Вот как он заговорил?! Я даже плакать перестала от удивления. Обычно он назвал и меня и те крохи магии, что мне достались – проклятием, позорным пятном на имени рода. А сейчас, настолько тщательно подбирает слова. «Особенности магии» – надо же! Что с ним? Стесняется принца?
– Зельевар – продолжал гнуть свою линию его светлость, – занятие, которое позволит развить даже такой скромный дар магии земли, как твой. У тебя будет комната в общежитии на ближайшие пять лет. Это превосходное место для воспитания характера благородной сьерры. – Заметив слезы, вновь повисшие на моих ресницах, герцог окончательно вышел из себя и повысил голос: – Твои слезы сейчас – к чему? Что за капризы? После всех моих забот и проблем, которые ты создала для рода… Это черная неблагодарность!

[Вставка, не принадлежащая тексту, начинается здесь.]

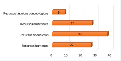 De acuerdo con la Figura 6 los estudiantes consideran que los recursos más importantes para poder implementar un negocio son: los recursos financieros (38%), los recursos materiales (27%) y luego los recursos humanos (27%)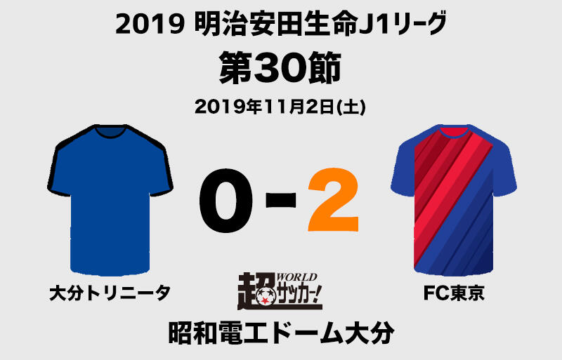 明治安田生命J1リーグ第30節の大分トリニータvsFC東京が2日に昭和電工ドーム大分で行われ、2-0でFC東京が勝利した。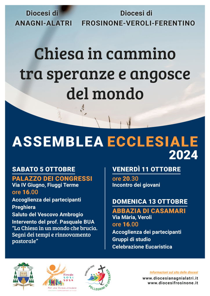 Da alcuni anni, secondo le indicazioni di Papa Francesco, i cristiani delle diocesi di Frosinone e Anagni riflettono insieme, tutti i battezzati, laici, consacrati e clero, per una più profonda comprensione del Vangelo e della missione della Chiesa. E’ l’esperienza del sinodo che è ascolto reciproco delle diverse voci e esperienze presenti nella Chiesa ma anche discernimento comunitario, un processo di riflessione e preghiera comune, volto a individuare la volontà di Dio per la Chiesa. A tutti è chiesto di contribuire con i propri doni e talenti alla vita della Chiesa. Il 5 ottobre a Fiuggi e il 13 a Casamari si interrogheranno sul rapporto tra la Chiesa e il mondo in cui è inserita, riflettendo sulla IV Costituzione del Concilio Vaticano II, la Gaudium et Spes. L’assemblea è aperta a tutti.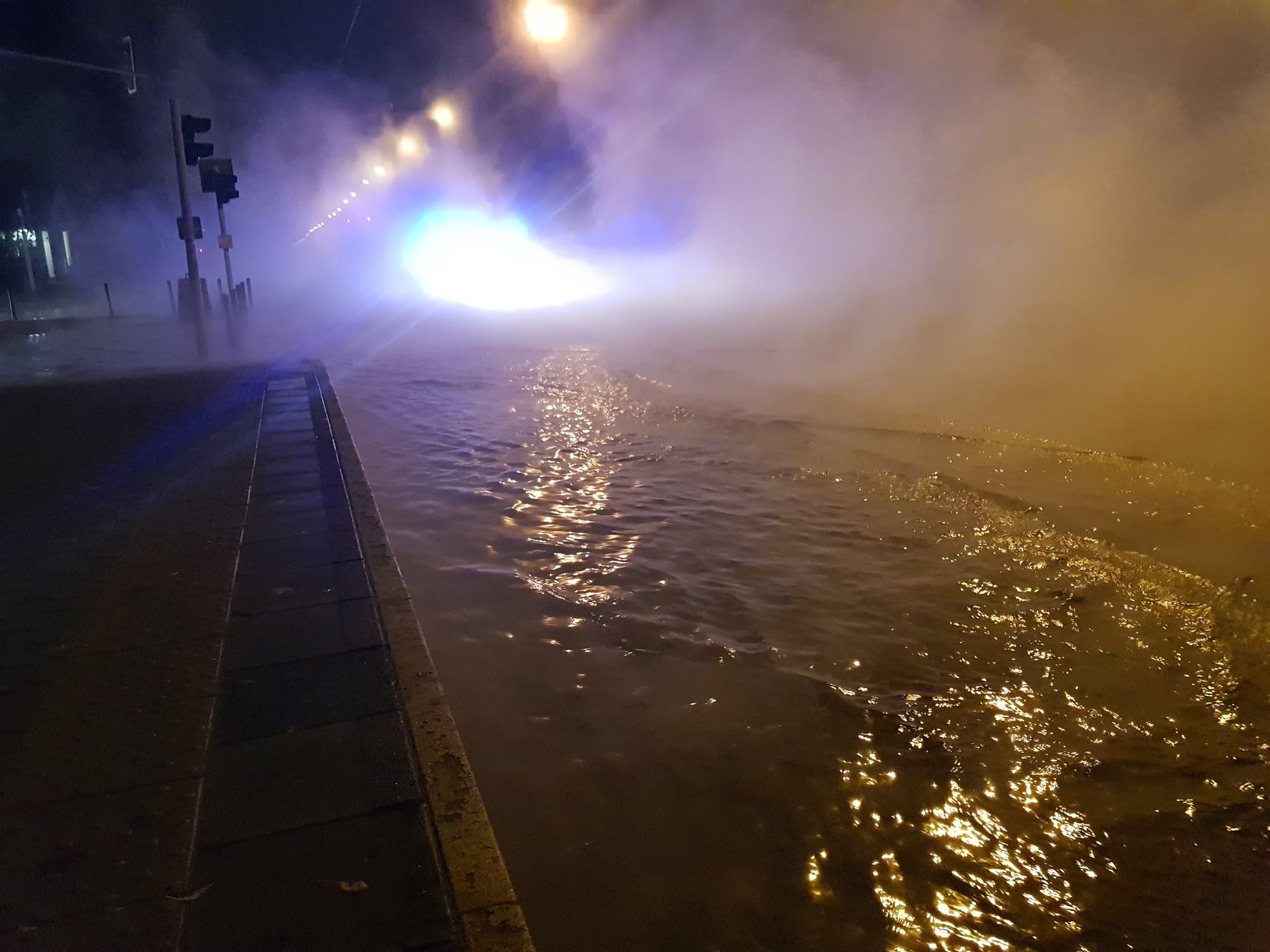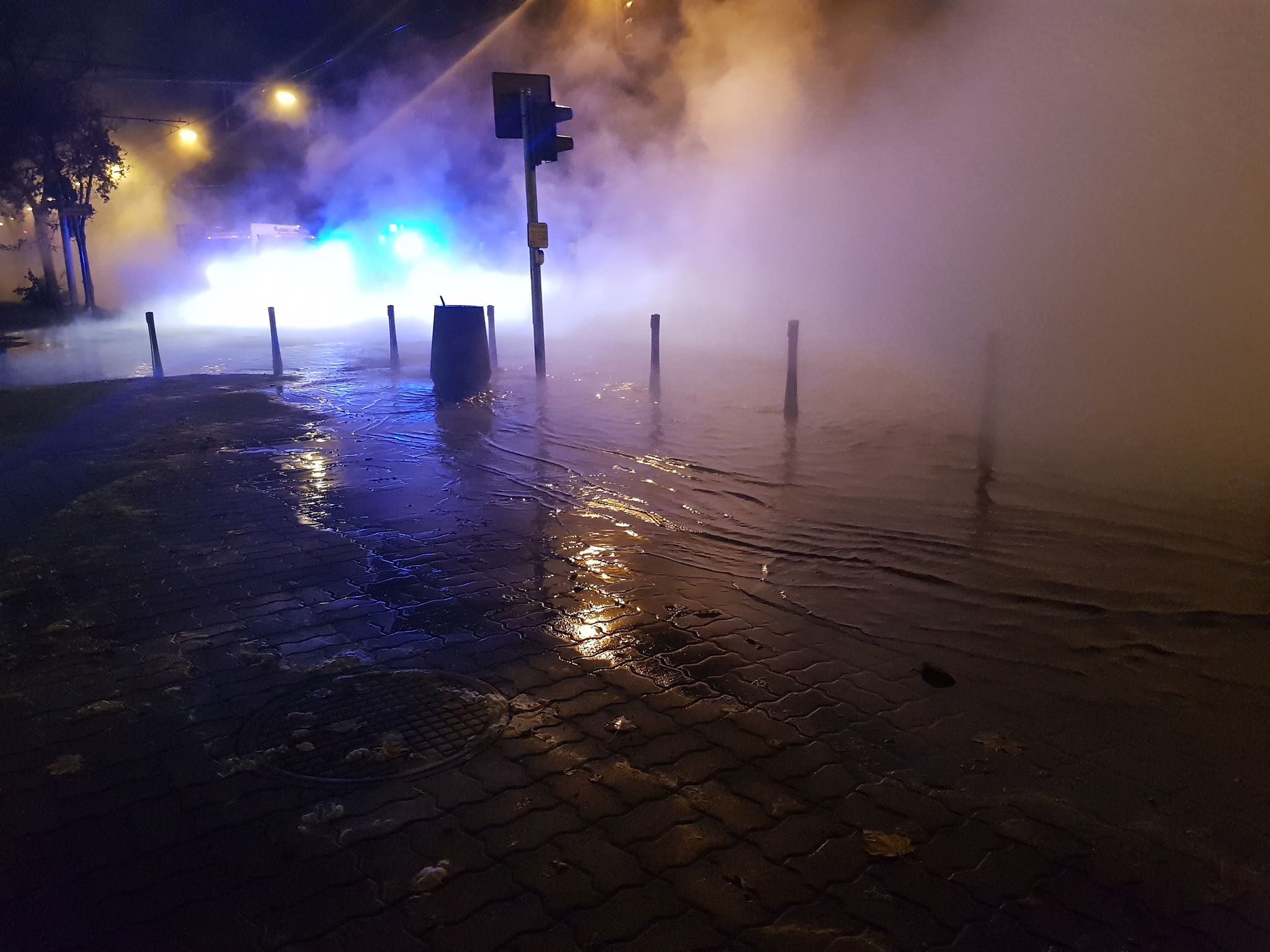 „Woda wylewa się na Aleję Waszyngtona. Różnica temperatur powoduje, że cała okolica zasnuta jest mgłą. Na miejscu jest Zarząd Ruchu, policja i Tramwaje Warszawskie. Pracują też służby miejskie. Cała ulica jest zamknięta dla ruchu w obu kierunkach. Nie wiadomo do kiedy potrwa naprawa, ale działania dopiero się rozpoczęły”.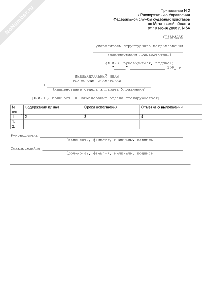 - 32Индивидуальный план прохождения стажировки в отделе аппарата Управления Федеральной службы судебных приставов по Московской области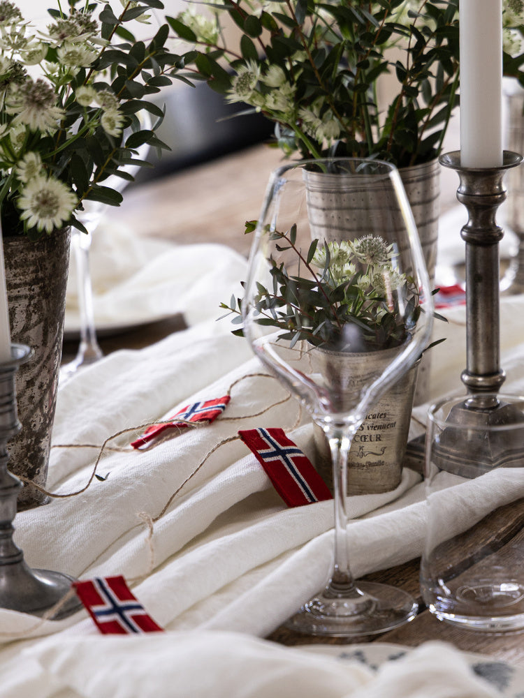 Hvert flagg måler 3,5 x 5,5 cm, og den 3 meter lange snoren gjør det enkelt å justere flaggene individuelt, slik at de passer perfekt til oppsetningen. Håndsydd med omtanke og presisjon på vårt eget syverksted i ekte flaggduk av høyeste kvalitet.

Я молчала, низко опустив голову. Обида от резких слов нестерпимо жгла сердце. Но если герцог Оленрадэ хотел, чтобы я чувствовала себя ничтожным паразитом, тянущим соки из древа рода, то крупно просчитался. Теперь я испытывала лишь гадливость ко всему, что имеет отношение к роду дей’Холлиндор. Особенно к человеку, в доме которого выросла.

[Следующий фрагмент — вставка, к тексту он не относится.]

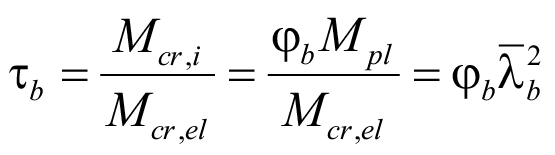 Коэффициент редукции балки τb в деформационной теории можно переписать через коэффициент устойчивости φb и условную изгибно-крутильную гибкость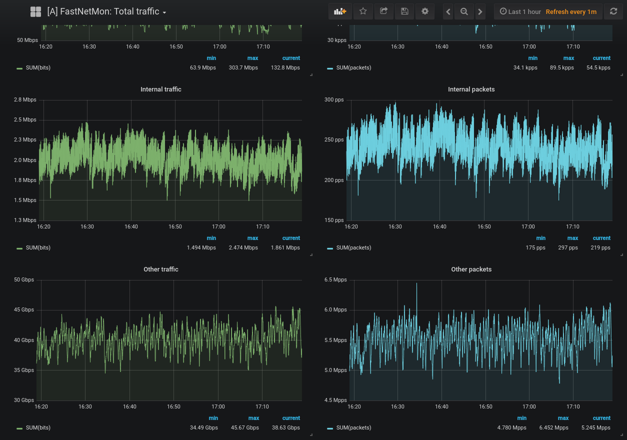 Metrics of FastNetMon Advanced with ClickHouse DB.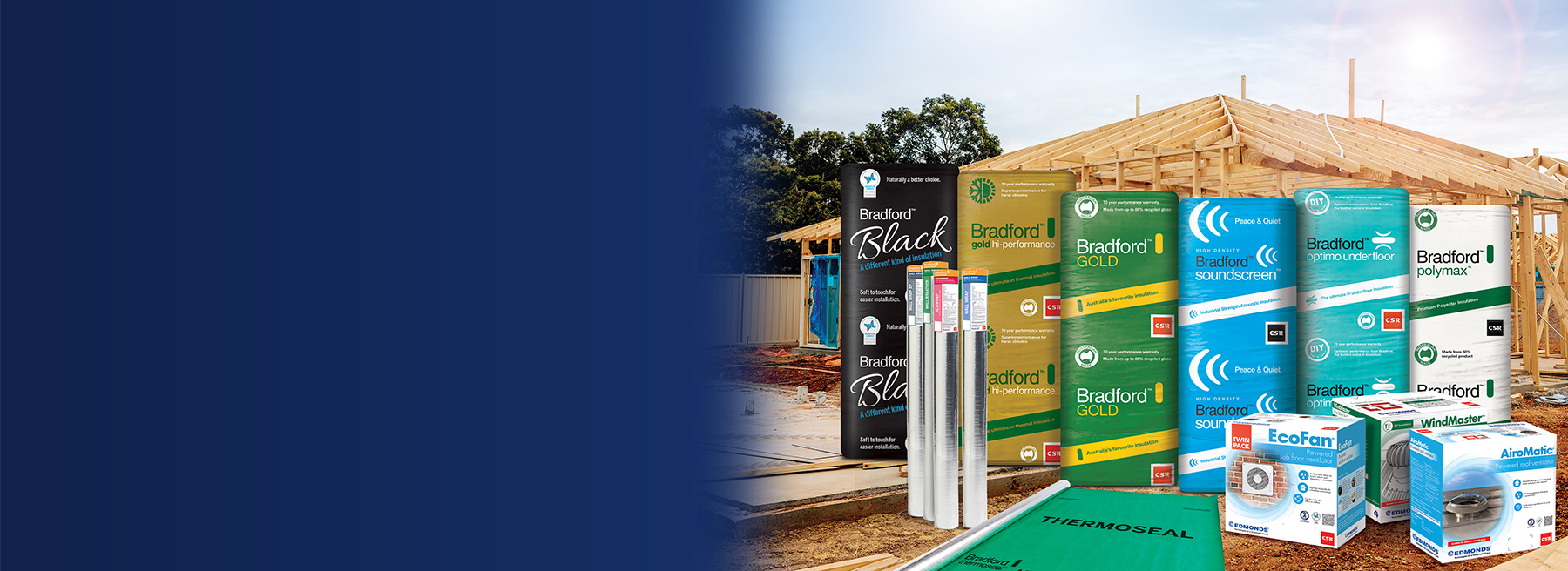As a Bradford Authorised Distributor, we sell a wide range of insulation products including Bradford Glasswool Insulation, Soundscreen, Optimo, Acoustigard, Anticon, Proctorwrap, Edmunds Vents, Rockwool Fibretex, Fireseal, Foilboard, Kingspan, PIRMax, Foamex, Polyester Insulation including Polymax by Bradford, Slab Insulation, vapour permeable membrane wrap as well as foil wrap and the various accessories required to install them.

Да разве не он виноват, что во мне тлеет лишь слабая искорка магии, вместо того сильного дара, на который я имела право как законная дочь старинного рода? Разве не он принудил мою мать к браку без любви, женившись только ради приданого? Мать не хотела иметь от него ребенка, но все-таки родила. Результатом несчастного брака стала я – дитя, лишенное благословения Шандора, без родовой магии. Ребенок, не знавший родительской любви. Я почувствовала, как от гнева дрожат руки. Слезы высохли. Трудно было сдержаться и не высказать всего, что накипело.

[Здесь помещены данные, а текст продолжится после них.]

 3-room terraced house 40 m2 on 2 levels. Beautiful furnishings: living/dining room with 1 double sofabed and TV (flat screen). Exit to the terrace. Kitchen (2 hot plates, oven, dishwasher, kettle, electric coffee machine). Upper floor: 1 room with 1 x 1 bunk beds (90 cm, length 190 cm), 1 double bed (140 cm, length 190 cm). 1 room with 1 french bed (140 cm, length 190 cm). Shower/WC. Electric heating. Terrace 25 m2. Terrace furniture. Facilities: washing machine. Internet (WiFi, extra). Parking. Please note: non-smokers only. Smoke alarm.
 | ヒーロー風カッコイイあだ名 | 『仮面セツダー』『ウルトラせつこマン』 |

– Но давайте же узнаем, чего хочет от жизни девушка, – снова вмешался принц-консорт, и на этот раз очень кстати. – Говори же, дитя! Возможно, мы отыщем решение, которое удовлетворит всех. О если бы это было так! Вот он – мой шанс.
Я подняла голову и расправила плечи: – Я хотела бы серьезно заниматься историей мира и литературой, для этого совсем не нужна магия, – голос звучал хоть и тихо, но достаточно уверенно. Ненавижу просить, но наступить на гордость сейчас необходимо.
– Пожалуйста, Ваша Светлость, позвольте мне поступить в Школу Искусств при Королевской Академии…
Я росла одиноким ребенком, без друзей и любви родителей. С детства находила отдушину в рассказах учителя о минувших эпохах, прочла все книги по истории, какие только удавалось стащить из отцовской библиотеки. Грезила тайнами прошлого и возможностью изучать древние манускрипты, записывать старинные легенды, пока они еще не стерлись из народной памяти!
Сжимаю кулаки наудачу, жду ответа. Только бы не прозвучало «нет». Зажмурилась – смелости не хватало, чтобы смотреть сейчас герцогу в глаза. О Великий Свет! Пусть это будет «да»! Я ведь не собираюсь тратить жизнь, гоняя слуг и опустошая лавки портных и ювелиров, как это делает мачеха. Чтобы ни говорили мне о замужестве, я намерена работать. Профессия и знания мне нужны именно для этого. Но сгибаться над чадными котлами, отмерять по унциям слизь боргов[1] или порошок из рыжих кальварских тараканов – брр!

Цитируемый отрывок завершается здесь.